Whatever the “Ministry of the Word” is (as named in the review), and the combination of texts and inferences present in the discussion of that task, it is a headship function whereas prophecy is not, according to Renew. Moreover, none of the texts referenced to the “Ministry of the Word” (unless Acts 6:4 only describes the apostles) exclude women except one . . . 1 Timothy 2:12. That text, above all others and perhaps no other text, ultimately defines what belongs solely to “headship” in the context of the assemblies of the saints when they gather for praise and prayer. But 1 Timothy 2:12 does not even explicitly appeal to “headship.”

1 Corinthians 11 does not identify what functions or gifts only belong to headship. We know praying and prophesying are not “headship” functions. Nowhere else does Paul ever use the language of headship in relation to the exercise of gifts in the assembly. I think that rather odd, if Renew is correct in its reading of the New Testament.


Women cover their heads, not because of male authority, but because they honor their relationship to their head (source of life). Kephalē does not refer to rank or authority but to the kinship relationship the head sustains to the body which is relational, intimate, mutual, and nourishing. The head is the source and origin of life to the body, according to the ancients.

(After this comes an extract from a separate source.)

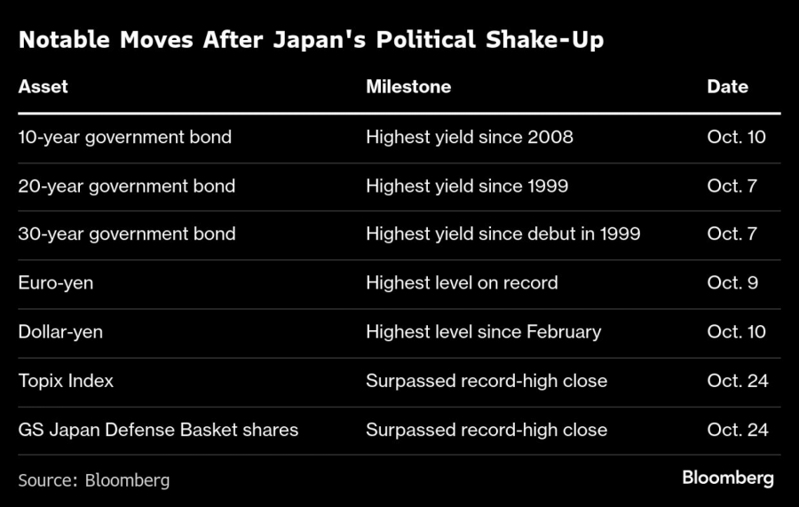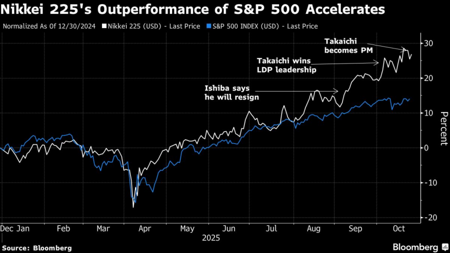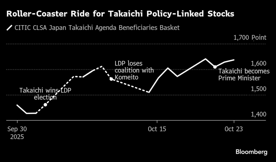 Otkako je fiskalno obazrivi Shigeru Ishiba najavio da se povlači s funkcije premijera, indeks Nikkei 225 porastao je za 15 odsto, nadmašivši rast S&P 500 indeksa, jer su investitori ugradili očekivanja o naslednici koja će trošiti više. Takaichi je obećala veća ulaganja u odbranu, tehnologiju, sajber bezbednost i nuklearnu energiju, što je podiglo vrednost korpe akcija koje bi imale koristi od njene administracije za više od 10 odsto od izbora novog lidera Liberalno-demokratske partije, čime su nadmašene performanse šireg indeksa Topix.

Paul appeals to creation to ground this relationality, not authority. The woman was created from the man (thus, kinship and a sense of origin), and the woman was created because of the man (the man could not accomplish the divine mission alone; he needed a powerful ally to partner with him). The head cannot function without the body.

In the Lord, this mutuality is clear—one is not without the other. They are not only interdependent, but they share the same mission, the same flesh, and the same origin. They are both from God. They share a mutual authority. One does not have authority over the other in 1 Corinthians 11. Indeed, it is mutual authority in 1 Corinthians 7:4.

In fact, the woman has her own authority which she exercises in the assembly as one gifted by God just as men are also so gifted. She does not need the covering of male authority, but she honors her head as the source of her life. Men should also honor women as the means by which they come into the world. Their authority is mutual rather than hierarchical (1 Corinthians 7:4).

Women, therefore, have their own authority to audibly and visibly pray and prophesy in the assemblies of the saints gathered for prayer and praise. They do not need male permission or the covering of male authority. They do, however, appropriately honor the source of their life just as men honor the source of theirs.